Холокост максимально остро поставил вопрос о зле и обратил особое внимание на проблему теодицеи. Как возможно настолько чудовищное зло? Как в нем могло участвовать столько людей? Каким образом государство способствовало этому злу? Философ Игорь Зайцев расскажет, как мы можем попытаться осмыслить великую трагедию XX века.
Слово «холокост» с древнегреческого языка обозначает «всесожжение» — массовое жертвоприношение, когда уничтожаются сотни, тысячи жертвенных животных. В XX веке появилось новое значение: «массовое уничтожение нацистами различных этнических и социальных групп». Масштаб этой катастрофы поражает воображение, но самым шокирующим оказывается факт, что подготовлена она оказалась руками миллионов людей. Одни люди организовали фабрику по уничтожению других. Это не были патологические маньяки или социопаты — это были обычные люди.

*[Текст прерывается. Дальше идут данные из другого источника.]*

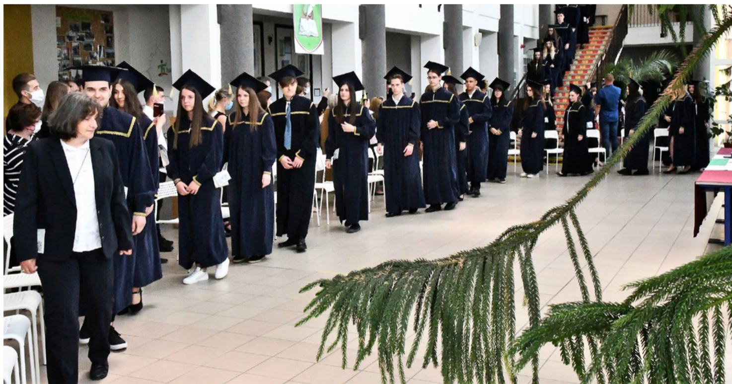
Taláros ballagás. „High school” hangulat

Античный философ Платон полагал, что зло человек может совершить только по ошибке. Почему? Причиняя зло, я причиняю вред себе самому, а потому никто в здравом уме и твердой памяти не будет творить зло. Христианин Достоевский утверждает иначе: я осознаю зло, но все равно совершаю его и грешу. Мы осознаем грех как грех. А что происходит в душе? Почему мы понимаем, что грешим, но продолжаем грешить?
Федор Павлович Карамазов живет в беспорядке: он постоянно совершает какие-то гадости, да еще и при этом кривляется. Почему он делает это? Мы можем предположить, что он не осознает, что творит, но Достоевский показывает нам, что Федор Павлович все хорошо понимает. Осознавая свой грех, он начинает паясничать еще больше. Старец Зосима при встрече с ним говорит: «Вы бы не стыдились себя так уж сильно». Федору Павловичу очень неприятно.

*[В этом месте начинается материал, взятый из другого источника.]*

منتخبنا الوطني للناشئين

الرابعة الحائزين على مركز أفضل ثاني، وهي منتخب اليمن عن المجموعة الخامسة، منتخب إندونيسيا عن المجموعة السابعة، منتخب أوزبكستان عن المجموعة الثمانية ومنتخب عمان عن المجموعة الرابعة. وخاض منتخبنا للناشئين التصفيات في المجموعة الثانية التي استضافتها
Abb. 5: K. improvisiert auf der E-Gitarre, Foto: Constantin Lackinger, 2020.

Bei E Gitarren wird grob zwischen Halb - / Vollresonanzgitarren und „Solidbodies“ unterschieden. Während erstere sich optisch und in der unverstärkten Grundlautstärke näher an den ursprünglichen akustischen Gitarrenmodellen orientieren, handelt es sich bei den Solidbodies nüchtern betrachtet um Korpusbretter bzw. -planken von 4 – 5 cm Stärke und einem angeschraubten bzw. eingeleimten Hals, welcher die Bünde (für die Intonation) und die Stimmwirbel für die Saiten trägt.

Всякий человек, совершая грех, понимает, что так делать нельзя. Но он примиряется сам с собой не так, что прекращает грешить и начинает жить разумно, — он превращает свои грехи в какой-то бесконечный цирк на колесах, находя утешение в этом кривлянии. При этом он продолжает себя стыдиться — потому-то Карамазова ранят слова старца.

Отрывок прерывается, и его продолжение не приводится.